7. The inductor according to claim 1, further comprising a third ribbon shaped conductor having a length substantially equal to the first length and the second length, said third ribbon shaped conductor exhibiting a cross section of:

a first insulated face;

a second insulated face opposing said first insulated face; a first edge; and

a second edge opposing said first edge,

the dimensions of each of said first insulated face of said third ribbon shaped conductor, said second insulated face of said third ribbon shaped conductor, said first edge of said third ribbon shaped conductor and said second edged of said third ribbon shaped conductor substantially equal to the respective dimension of each of said first ribbon shaped conductor and said second ribbon shaped conductor,

said third ribbon shaped conductor wound about said core such that the first edge thereof faces said core and the second edge thereof extends away from said core, said third ribbon shaped conductor arranged so that said second insulated face of said second ribbon shaped conductor is adjacent said first face of said third ribbon shaped conductor and said second insulated face of said third ribbon shaped conductor faces said first face of said first ribbon shaped conductor of the subsequent winding.

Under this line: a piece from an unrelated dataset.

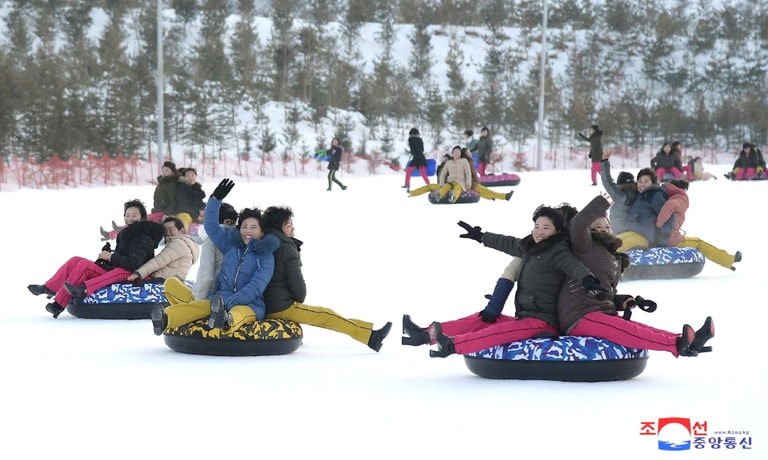 在陽德溫泉度假村裡,《朝鮮中央通訊社》(KCNA)紀錄下了在開心滑雪的北韓人民。
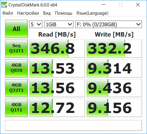 Вот пример A-Data UE700 32 GB (CrystalDiskMark):

8. The inductor according to claim 7, further comprising a fourth ribbon shaped conductor having a length substantially equal to the length of said first ribbon shaped conductor, said second ribbon shaped conductor and said third ribbon shaped conductor,

said fourth ribbon shaped conductor exhibiting a cross section of:

a first insulated face; a second insulated face opposing said first insulated face;

a first edge; and

a second edge opposing said first edge,

the dimensions of each of said first insulated face of said fourth ribbon shaped conductor, said second insulated face of said fourth ribbon shaped conductor, said first edge of said fourth ribbon shaped conductor and said second edged of said fourth ribbon shaped conductor substantially equal to the respective dimension of each of said first ribbon shaped conductor, said second ribbon shaped conductor and said third ribbon shaped conductor,

said fourth ribbon shaped conductor wound about said core such that the first edge thereof faces said core and the second edge thereof extends away from said core, said fourth ribbon shaped conductor arranged so that said second insulated face of said third ribbon shaped conductor is adjacent said first face of said fourth ribbon shaped conductor, and said second insulated face of said fourth ribbon shaped conductor faces said first face of said first ribbon shaped conductor of the subsequent winding.

9. The inductor according to claim 1 wherein said core is a magnetic core.

10. The inductor according to claim 1, wherein said core exhibits a rectangular cross section.

11. The inductor according to claim 1, wherein said inductor is arranged to be a choke for a high power signal exhibiting a frequency greater than 10 kHz.

12. The inductor according to claim 1, wherein said inductor is arranged to be a choke for a power signal exhibiting an RMS value in excess of 20 Amperes and a frequency of greater than 10 kHz.

13. The inductor according to claim 1, wherein the fill factor of said inductor is greater than 80%.